Anstatt eine arme Tasche der Ruhe zu sein, die von Turbulenzen, Terror und sintflutartigen Regenfällen eingeschlossen ist, ist das Auge eines Hurrikans eigentlich eher das böse Mastermind der ganzen Operation.
Die Bildung eines Auges – dieser kreisförmige, himmelblaue Fleck in der Mitte eines Wirbels, der typischerweise einen Durchmesser von 30 bis 65 km hat – deutet fast immer darauf hin, dass ein tropischer Sturm immer organisierter und stärker wird. Aus diesem Grund beobachten Meteorologen die sich entwickelnden Stürme genau auf Anzeichen für einen solchen. Aber warum bilden sie sich?
Wie bei so vielen komplexen Wettersystemen verstehen die Wissenschaftler den Prozess nicht vollständig. Es gibt Hunderte von Theorien über den genauen Mechanismus der Entstehung von Stürmen. Aber sie alle versuchen, die gleiche allgemeine Idee zu untermauern:
In einem Tropensturm beginnen durch Konvektion Bänder aus dampfgefüllter Luft um ein gemeinsames Zentrum zu rotieren. Plötzlich fängt ein Luftband in einem bestimmten radialen Abstand an, stärker zu rotieren als die anderen; dies wird die „Augenwand“ – die Region mit den stärksten Winden, die das Auge eines Hurrikans umgibt. Die rotierenden Winde verursachen Aufwinde: Luft, die sich von der Meeresoberfläche zur Spitze des Sturms bewegt. Der größte Teil dieser Luft strömt dann über die Sturmwolken hinaus und um den äußeren Rand herum wieder dorthin, wo sie begonnen hat. Dadurch entsteht eine positive Rückkopplungsschleife, die die Entwicklung des Sturms vorantreibt.
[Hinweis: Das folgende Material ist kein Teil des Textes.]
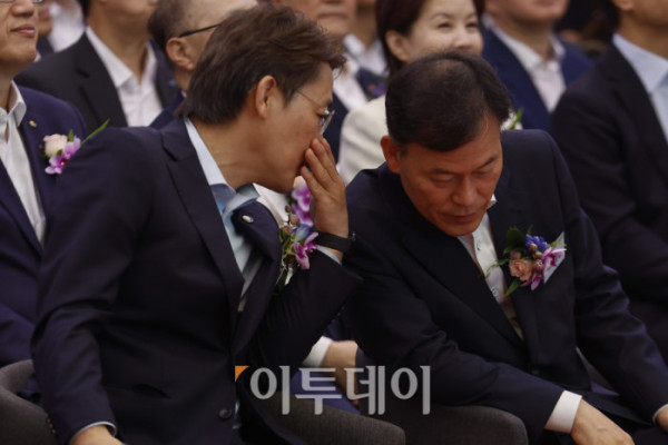 ▲윤한홍(오른쪽) 국회 정무위원회 위원장과 권대영 금융위원회 부위원장이 20일 서울 중구 동대문디자인플라자(DDP)에서 열린 2025 금융권 공동채용 박람회 개막식에서 대화를 하고 있다. 조현호 기자 hyunho@
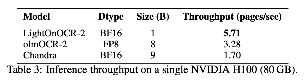 在单张NVIDIA H100 GPU上,LightOnOCR-2的推理速度达到5.71页/秒: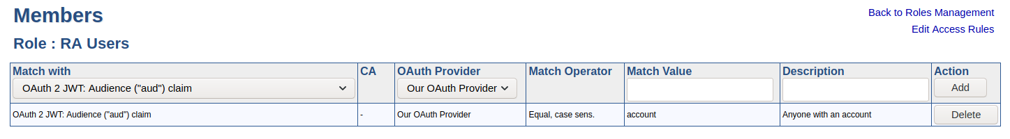 Claims in JWTs may be mapped to roles in EJBCA. A claim can represent a group of users or an individual user. EJBCA allows any combination of claims and even different authentication methods in a single role.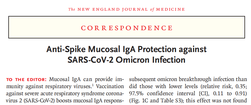 權威期刊NEJM在9月14日發表了一項瑞典團隊證明粘膜免疫能夠預防感染的重磅文章,其標題就是:抗S蛋白粘膜IgA抗體能預防奧密克戎感染。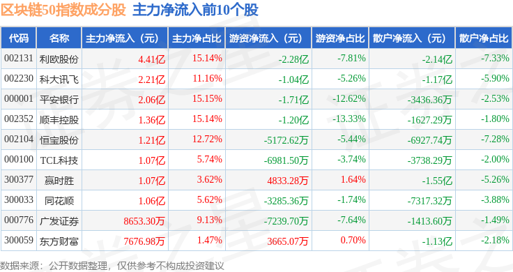 资金流向方面,区块链50(399286)指数成份股当日主力资金净流入合计7.21亿元,游资资金净流出合计5.46亿元,散户资金净流出合计1.74亿元。成份股资金流向详情见下表: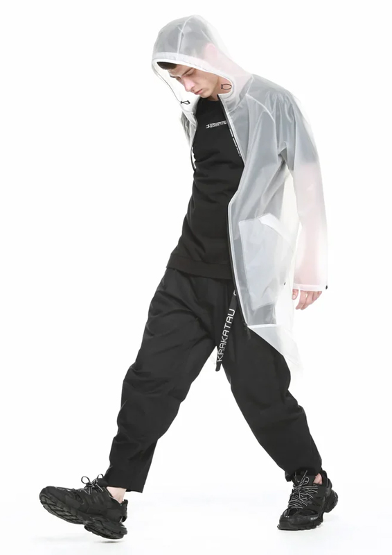 KRAKATAU шьет одежду для тех, кто рассекает улицы мегаполиса в любую погоду, тех, кто вместо фотогеничных вещей для инстаграма выбирает иногда неприметный, но всегда надежный techwear. В новую коллекцию вошли прозрачные дождевики со склеенными ультразвуком швами: длину плаща можно менять, отстегивая и пристегивая «низ». Еще есть куртки с мембраной и маленьким кармашком для проездного на рукаве, тренчкоты с водонепроницаемой пропиткой (марка отказалась от химических обработок и пробует безопасные экологичные варианты) и бесшовные рубашки будто из будущего (швы обрезаются лазером). Полное понимание того, с какой страстью KRAKATAU относится к технологичным деталям, приходит при виде брюк с блокирующей системой RFID. Основатель марки, пожелавший остаться анонимным, верит, что наши банковские карты можно легко взломать, если бумажник лежит в заднем кармане брюк (мошенники делают это с помощью RFID-сканеров): поэтому KRAKATAU использует ткань со специальной металлической нитью, блокирующей эти сканеры. Хорошие новости: KRAKATAU можно купить в Москве — в мае бренд как раз открыл на Кузнецком Мосту свой третий магазин.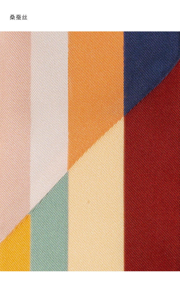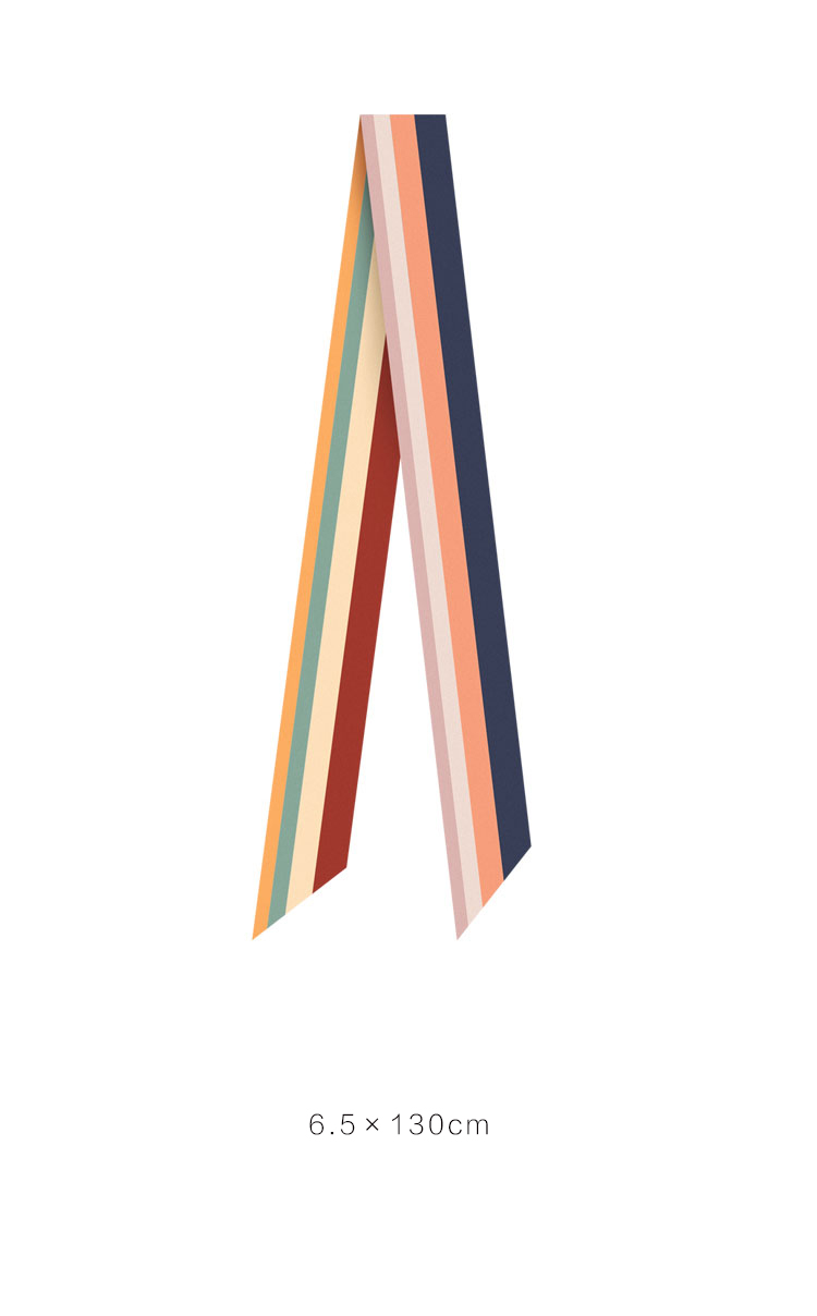 retar 美式復古彩色條紋緞帶式長條絲巾髮帶腰帶桑蠶絲真絲圍巾

Aus unbekannten Gründen strömt nicht die gesamte Luft, die aus Aufwinden aufsteigt, über den äußeren Rand des Sturms; eine kleine Menge geht in die andere Richtung und sinkt durch das Zentrum des Sturms nach unten. An einem bestimmten Punkt wirkt das Gewicht dieser abtrünnigen Luft der Stärke der Aufwinde in der zentralen Region entgegen. Dann überholt sie deren Stärke, aber nur knapp: Die Luft beginnt im Zentrum des Sturms langsam abzusinken, wodurch ein regenfreies Gebiet entsteht. Dies ist ein neu gebildetes Auge.
Auf dem Land ist das Zentrum des Auges bei weitem der ruhigste Teil des Sturms, der Himmel ist meist frei von Wolken, Wind und Regen. Über dem Ozean jedoch ist es möglicherweise der gefährlichste Teil: In seinem Inneren schlagen Wellen aus allen Richtungen aufeinander und erzeugen Monsterwellen, die bis zu 40 Meter hoch sind.
Auch wenn die vorübergehende Windstille Sie vielleicht aus Ihrem Haus oder Unterschlupf lockt, empfiehlt der Nationale Wetterdienst dringend, im Haus zu bleiben. Die Menschen werden oft von den heftigen Winden auf der gegenüberliegenden Seite des Auges überrascht.
Niemand versteht es ganz, aber was Hurrikane betrifft, geht es so: Erst ein Auge, dann die Welt.